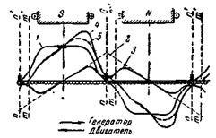 Рис. 5-24. Реакция якоря при положении щеток на геометрической нейтрали. На рис. 5-23, е показано поле машины при ее нагрузке. Мы видим, что в результате реакции якоря поле машины, работающей генератором, изменилось: произошло усиление поля под сбегающей половиной полюса и ослабление его под набегающей половиной полюса. Другим следствием реакции якоря является смещение физической нейтрали, т. е. линии, проходящей через точки окружности якоря, где индукция равна нулю. При холостом ходе физическая нейтраль совпадает с геометрической. При нагрузке она смещается относительно геометрической нейтрали: при работе генератором — в сторону вращения, при работе двигателем — против вращения (при принятых на рис. 5-23, в направлениях поля и токов в обмотке якоря машина при работе двигателем будет вращаться в обратную сторону). На рис. 5-24 показаны кривые поля машины при холостом ходе и при нагрузке: здесь также приведена кривая поля якоря. Если кривую поля машины при ее нагрузке будем определять, исходя из принципа наложения, т. е. складывая ординаты кривой поля при холостом ходе 1 и кривой поля якоря 3, то получим кривую результирующего поля 4. Однако принцип наложения здесь не может дать точных результатов, так как поле в ферромагнитных телах не является линейной функцией тока. Кривая действительного поля машины при нагрузке 5 отличается от кривой результирующего поля 4. Кривая 5 показывает, что ослабление поля под набегающей половиной полюса будет больше, чем усиление поля под сбегающей половиной полюса (вследствие насыщения главным образом зубцов якоря). В результате получается ослабление общего поля и, следовательно, уменьшение полезного потока Ф, определяющего значение э.д.с. якоря. Уменьшение э.д.с. якоря при положении щеток на геометрической нейтрали также вызвано смещением физической нейтрали, так как при этом и параллельные ветви будут входить проводники с обратными э.д.с. (см. рис. 5-23, в, где крестами и черточками внутри якоря показаны направления э.д.с., наведенных в проводниках). В машинах мощностью от 0,3 кВт и выше обычно применяются дополнительные полюсы, о назначении которых сказано в следующем § 5-6. Они помещаются между главными полюсами (рис. 5-1), оси их совпадают с геометрическими нейтралями машины. Их обмотка соединяется последовательно с обмоткой якоря таким образом, чтобы ее н.с. действовала против н.с. обмотки якоря. Действие н.с. дополнительных полюсов ограничивается сравнительно неширокой зоной поверхности якоря, где находятся проводники замыкаемых щетками секций. Щетки при наличии дополнительных полюсов должны стоять на геометрической нейтрали. В небольших машинах, не имеющих дополнительных полюсов, щетки нужно сдвинуть вслед за физической нейтралью: в генераторе — по вращению, в двигателе — против вращения. В этом случае для определения влияния реакции якоря его н.с. Fa, действующую по линии щеток, заменяют двумя н.с. Fq и Fd, действующими по продольной и поперечной осям машины и в сумме равным Fa (рис. 5-25, а и б; на рис. 5-25, а стрелки показывают направления н.с.).
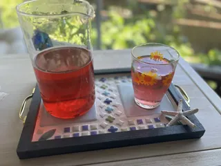 りんご酢、買って帰ったので、今日は庭の赤しそでジュース作ります😆
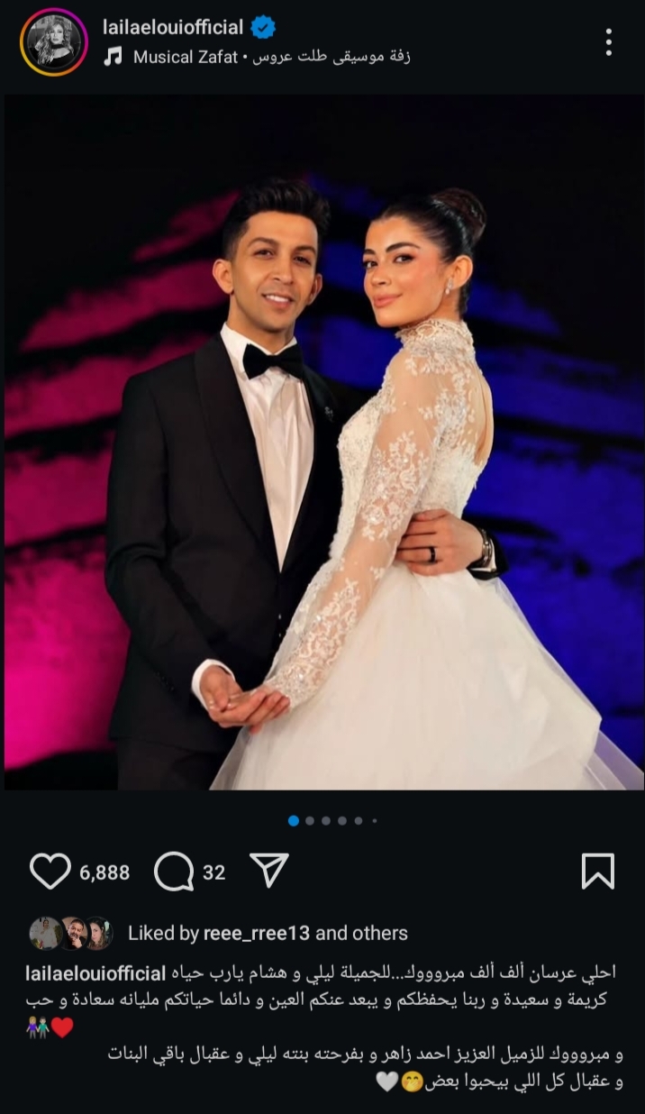 ونشرت ليلي علوي صور من حفل الزفاف، من خلال حسابها الرسمي عبر موقع تبادل الصور والفديوهات القصيرة إنستجرام، وكتبت: "احلي عرسان ألف ألف مبروك.. للجميلة ليلي وهشام يارب حياة كريمة و سعيدة وربنا يحفظكم و يبعد عنكم العين دائما حياتكم مليانة سعادة وحب".
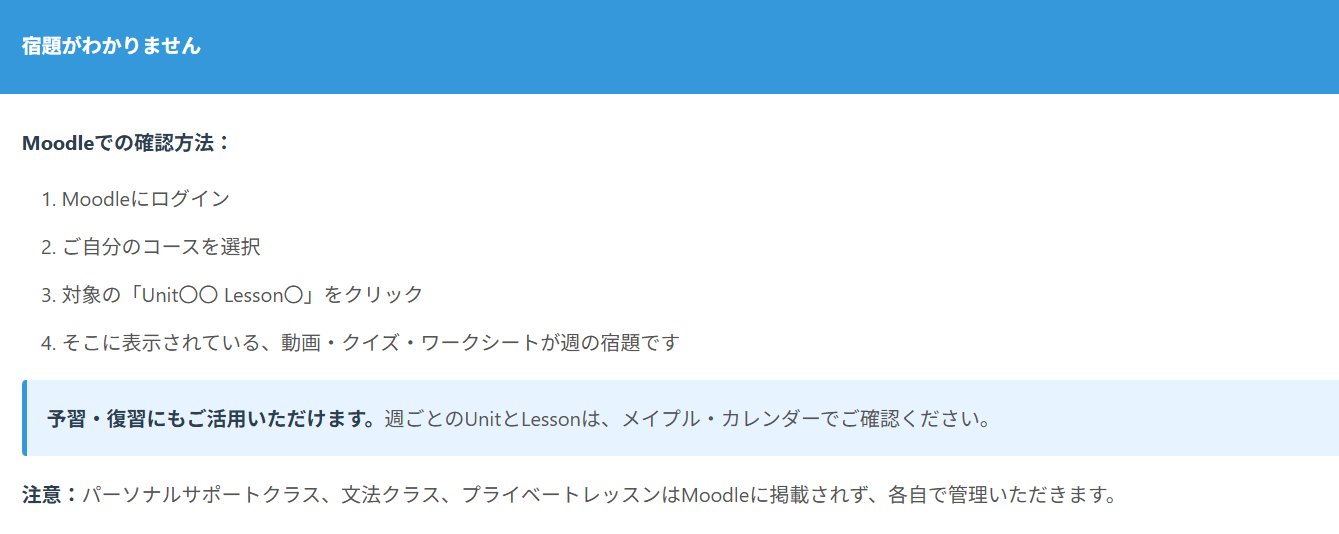 ※スティッカーファイル内の「Homework」ページに、各自で宿題内容を記入しているクラスもあります。
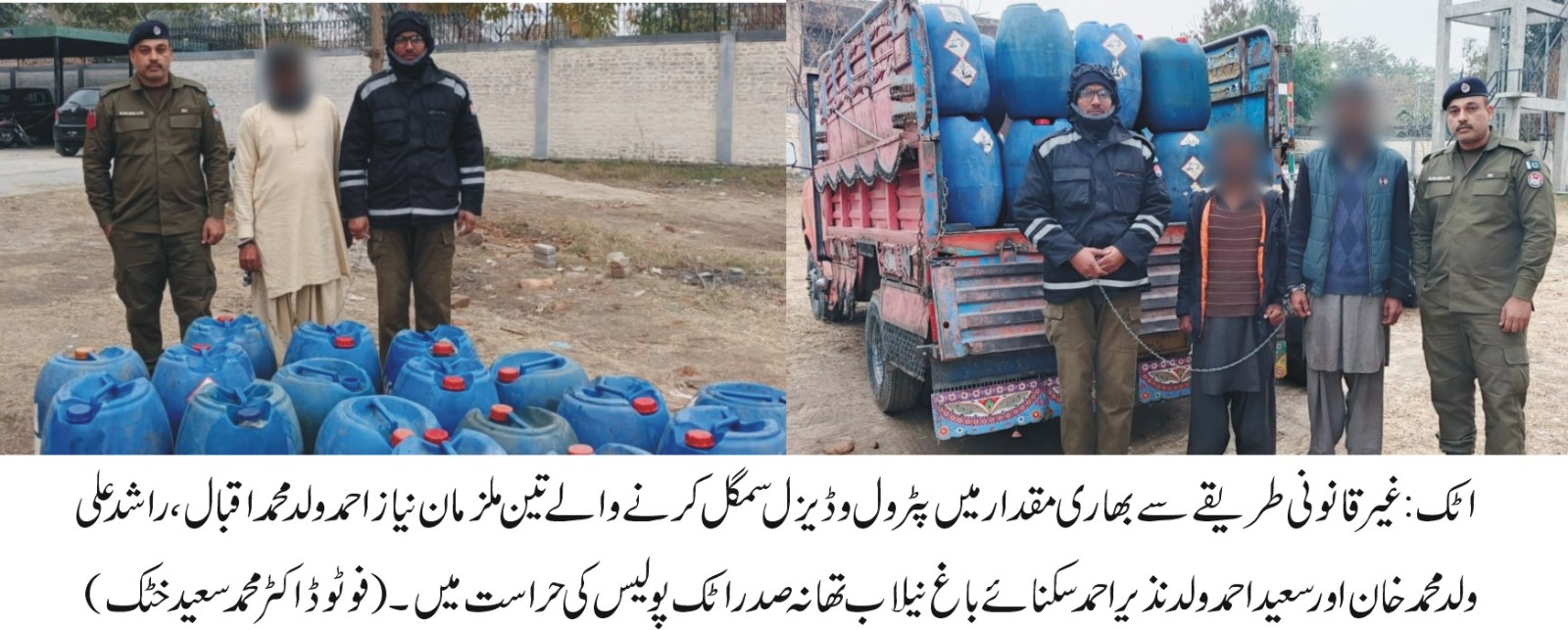 غیرقانونی طریقے سے بھاری مقدار میں پٹرول و ڈیزل سمگل کرنے والے تین ملزمان گرفتارتفصیلات کے مطابق دوران گشت تھانہ صدر اٹک پولیس کی ٹیم کو مخبر خاص نے اطلاع…
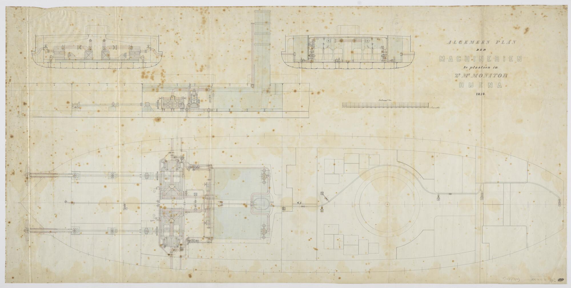 Verticale dwarsdoorsneden en -langsdoorsnede, bovenaanzicht van de rammonitor 2de klasse Zr.Ms. Hyena, met onder meer de machinekamer (het complete ruim) (schaal 1:40).

--------------------------------

— What to work on —
Transcribe the data completely. No pictures should appear in the transcription.

— Answer area —
 Рис. 5-24. Реакция якоря при положении щеток на геометрической нейтрали. На рис. 5-23, е показано поле машины при ее нагрузке. Мы видим, что в результате реакции якоря поле машины, работающей генератором, изменилось: произошло усиление поля под сбегающей половиной полюса и ослабление его под набегающей половиной полюса. Другим следствием реакции якоря является смещение физической нейтрали, т. е. линии, проходящей через точки окружности якоря, где индукция равна нулю. При холостом ходе физическая нейтраль совпадает с геометрической. При нагрузке она смещается относительно геометрической нейтрали: при работе генератором — в сторону вращения, при работе двигателем — против вращения (при принятых на рис. 5-23, в направлениях поля и токов в обмотке якоря машина при работе двигателем будет вращаться в обратную сторону). На рис. 5-24 показаны кривые поля машины при холостом ходе и при нагрузке: здесь также приведена кривая поля якоря. Если кривую поля машины при ее нагрузке будем определять, исходя из принципа наложения, т. е. складывая ординаты кривой поля при холостом ходе 1 и кривой поля якоря 3, то получим кривую результирующего поля 4. Однако принцип наложения здесь не может дать точных результатов, так как поле в ферромагнитных телах не является линейной функцией тока. Кривая действительного поля машины при нагрузке 5 отличается от кривой результирующего поля 4. Кривая 5 показывает, что ослабление поля под набегающей половиной полюса будет больше, чем усиление поля под сбегающей половиной полюса (вследствие насыщения главным образом зубцов якоря). В результате получается ослабление общего поля и, следовательно, уменьшение полезного потока Ф, определяющего значение э.д.с. якоря. Уменьшение э.д.с. якоря при положении щеток на геометрической нейтрали также вызвано смещением физической нейтрали, так как при этом и параллельные ветви будут входить проводники с обратными э.д.с. (см. рис. 5-23, в, где крестами и черточками внутри якоря показаны направления э.д.с., наведенных в проводниках). В машинах мощностью от 0,3 кВт и выше обычно применяются дополнительные полюсы, о назначении которых сказано в следующем § 5-6. Они помещаются между главными полюсами (рис. 5-1), оси их совпадают с геометрическими нейтралями машины. Их обмотка соединяется последовательно с обмоткой якоря таким образом, чтобы ее н.с. действовала против н.с. обмотки якоря. Действие н.с. дополнительных полюсов ограничивается сравнительно неширокой зоной поверхности якоря, где находятся проводники замыкаемых щетками секций. Щетки при наличии дополнительных полюсов должны стоять на геометрической нейтрали. В небольших машинах, не имеющих дополнительных полюсов, щетки нужно сдвинуть вслед за физической нейтралью: в генераторе — по вращению, в двигателе — против вращения. В этом случае для определения влияния реакции якоря его н.с. Fa, действующую по линии щеток, заменяют двумя н.с. Fq и Fd, действующими по продольной и поперечной осям машины и в сумме равным Fa (рис. 5-25, а и б; на рис. 5-25, а стрелки показывают направления н.с.).
 りんご酢、買って帰ったので、今日は庭の赤しそでジュース作ります😆
 ونشرت ليلي علوي صور من حفل الزفاف، من خلال حسابها الرسمي عبر موقع تبادل الصور والفديوهات القصيرة إنستجرام، وكتبت: "احلي عرسان ألف ألف مبروك.. للجميلة ليلي وهشام يارب حياة كريمة و سعيدة وربنا يحفظكم و يبعد عنكم العين دائما حياتكم مليانة سعادة وحب".
 ※スティッカーファイル内の「Homework」ページに、各自で宿題内容を記入しているクラスもあります。
 غیرقانونی طریقے سے بھاری مقدار میں پٹرول و ڈیزل سمگل کرنے والے تین ملزمان گرفتارتفصیلات کے مطابق دوران گشت تھانہ صدر اٹک پولیس کی ٹیم کو مخبر خاص نے اطلاع…
 Verticale dwarsdoorsneden en -langsdoorsnede, bovenaanzicht van de rammonitor 2de klasse Zr.Ms. Hyena, met onder meer de machinekamer (het complete ruim) (schaal 1:40).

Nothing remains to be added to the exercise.